The flowchart and block diagrams in the Figures illustrate the architecture, functionality, and operation of possible implementations of systems, methods, and computer program products according to various embodiments of the present invention. In this regard, each block in the flowchart or block diagrams may represent a module, segment, or portion of instructions, which comprises one or more executable instructions for implementing the specified logical function(s). In some alternative implementations, the functions noted in the block may occur out of the order noted in the figures. For example, two blocks shown in succession may, in fact, be executed substantially concurrently, or the blocks may sometimes be executed in the reverse order, depending upon the functionality involved. It will also be noted that each block of the block diagrams and/or flowchart illustration, and combinations of blocks in the block diagrams and/or flowchart illustration, can be implemented by special purpose hardware-based systems that perform the specified functions or acts or carry out combinations of special purpose hardware and computer instructions.

The descriptions of the various embodiments of the present invention have been presented for purposes of illustration but are not intended to be exhaustive or limited to the embodiments disclosed. Many modifications and variations will be apparent to those of ordinary skill in the art without departing from the scope and spirit of the invention. The terminology used herein was chosen to best explain the principles of the embodiment, the practical application or technical improvement over technologies found in the marketplace, or to enable others of ordinary skill in the art to understand the embodiments disclosed herein.

Claims

1. A computer-implemented method comprising:

selecting, by one or more computer processors, a plurality of key-events contained in a dataset;

determining, by one or more computer processors, a plurality of chart parameters based on the dataset;

generating, by one or more computer processors, a plurality of charts utilizing the determined plurality of chart parameters, selected key-events, associated data, and a timeline generator;

clustering, by one or more computer processors, the generated plurality of charts into a one or more chart macro-clusters; and

decomposing, by one or more computer processors, the one or more chart macro-clusters into one or more chart micro-clusters.

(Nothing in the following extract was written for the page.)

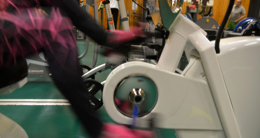 Det cyklas, dansas, balanseras, boxas och dras med ben och armar i olika viktredskap. I en av de moderna roddmaskinerna får man verkligen en vattenkänsla och för stunden är det Mats Eriksson som ror på sitssläden som rullar på en balk. Varje roddtag får skovelhjulet att snurra men det bromsas samtidigt av vattenmotståndet i den täta behållaren. Ljudet av skvalpande vatten är behagligt och tycks sporra Mats, som fortsätter envetet.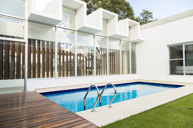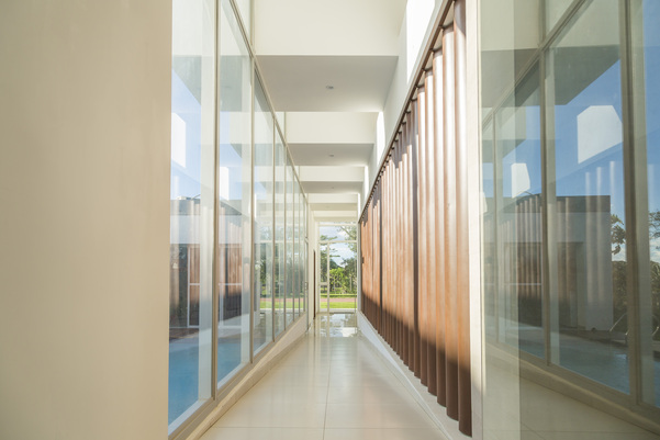 Destacamos de esta exquisita residencia el detallado trabajo en madera que crean una separación elegante entre la sala principal y el área de la piscina. Esta característica también forma un pasillo que conecta de manera fluida los distintos espacios funcionales de la casa, permitiendo un desplazamiento discreto a lo largo de la extensión de la vivienda.

2. The computer-implemented method of claim 1, wherein decomposing the one or more chart macro-clusters into one or more chart micro-clusters, comprises:

calculating, by one or more computer processors, a relative micro-profiling impact score for each chart macro-cluster in the one or more chart macro-clusters; and

responsive to reaching a micro-profiling threshold, decomposing, by one or more computer processors, one or more chart macro-clusters into one or more respective chart micro-clusters.

3. The computer-implemented method of claim 2, wherein calculating the relative micro-profiling impact score for each chart macro-cluster in the one or more chart macro-clusters, comprises:

generating, by one or more computer processors, a cluster relationship strength score for each chart contained in a respective chart macro-cluster utilizing a trained convolutional neural network, wherein a higher cluster relationship strength scores represents higher similarity between a chart and remaining charts the respective chart macro-cluster; and

aggregating, by one or more computer processors, each calculated cluster relationship strength score into the relative micro-profiling impact score for the associated cluster.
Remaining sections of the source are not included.